[GIVEN INFORMATION]
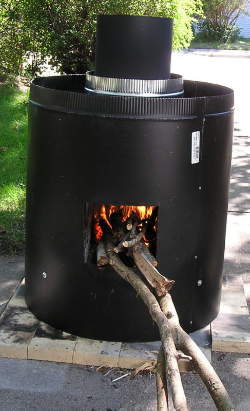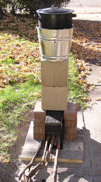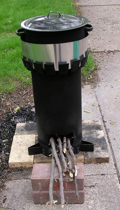 The rocket stove heating tests were conducted with sticks found in a wooded area to simulate the "real-world" conditions where wood might be found. The sticks are from various types of trees and have a higher moisture content than kiln-dried lumber. The figures for heating times should be looked at as approximate.
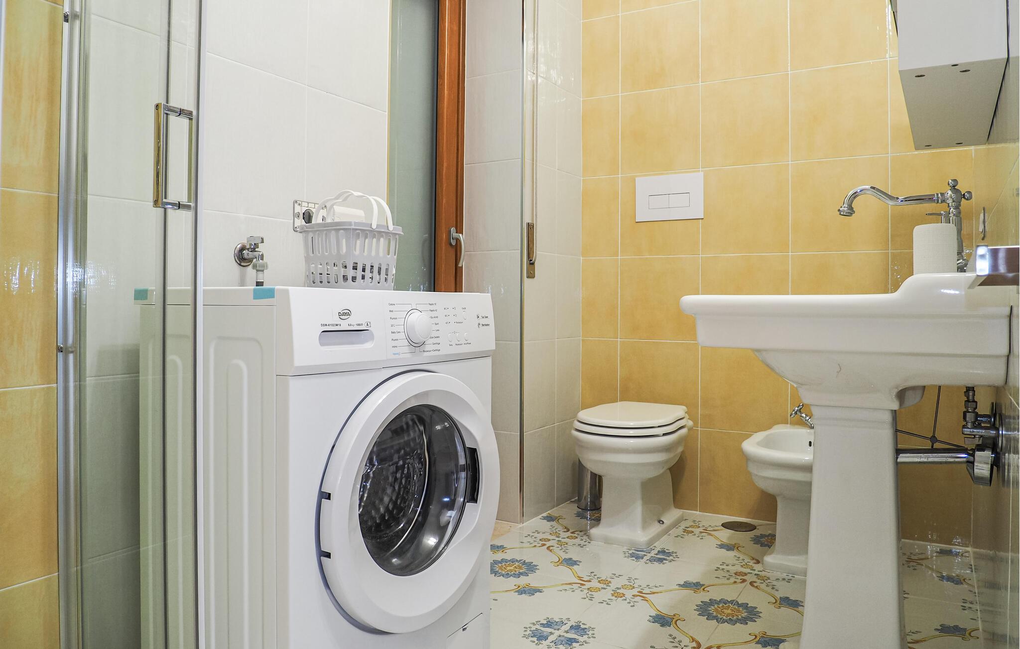 Denne lyse og indbydende ferielejlighed er ideelt placeret til at kombinere en solrig strandferie med en række udflugter. Tilbered lækre pastaretter og planlæg jeres aktiviteter sammen ved spisebordet.
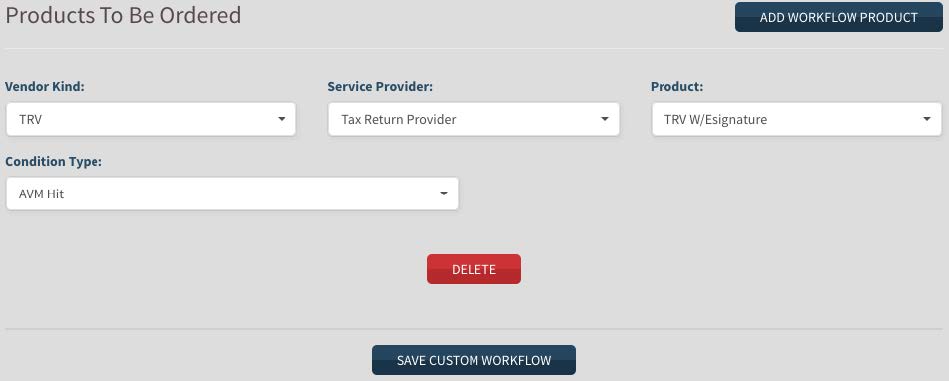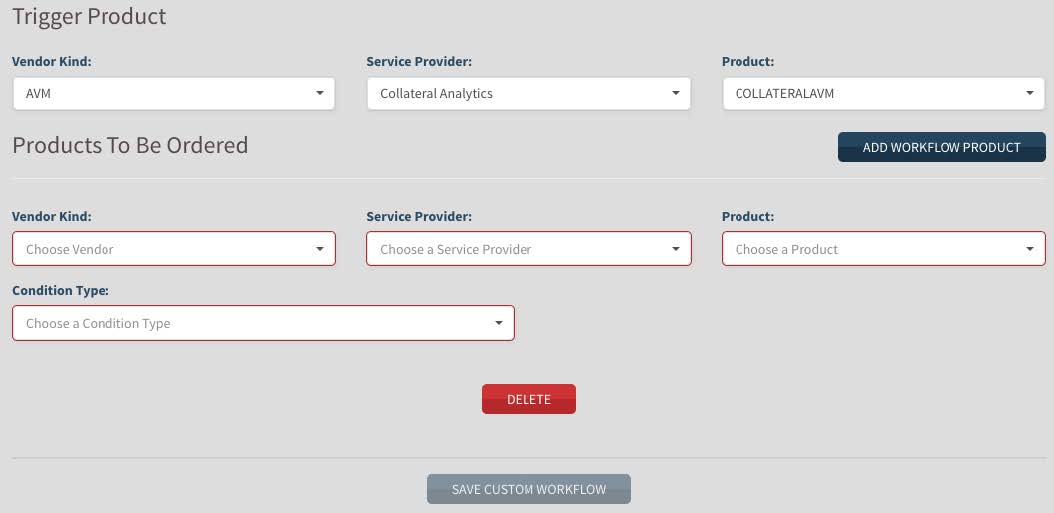 Existing custom workflows can have additional products added as the need arises for your clients ordering efficiency. From the Workflow tab, look for the Custom Workflow section. Select a workflow listed and choose Add Product. Once you have added the appropriate Workflow Type, Vendor Kind, Service Provider, Product and Condition Type, click the SAVE button. Please note only one trigger product per workflow is allowed.

[TASK]
Word-for-word output of the material above is needed, with the pictures left out.

[OUTPUT OF THE EXERCISE]
 The rocket stove heating tests were conducted with sticks found in a wooded area to simulate the "real-world" conditions where wood might be found. The sticks are from various types of trees and have a higher moisture content than kiln-dried lumber. The figures for heating times should be looked at as approximate.
 Denne lyse og indbydende ferielejlighed er ideelt placeret til at kombinere en solrig strandferie med en række udflugter. Tilbered lækre pastaretter og planlæg jeres aktiviteter sammen ved spisebordet.
 Existing custom workflows can have additional products added as the need arises for your clients ordering efficiency. From the Workflow tab, look for the Custom Workflow section. Select a workflow listed and choose Add Product. Once you have added the appropriate Workflow Type, Vendor Kind, Service Provider, Product and Condition Type, click the SAVE button. Please note only one trigger product per workflow is allowed.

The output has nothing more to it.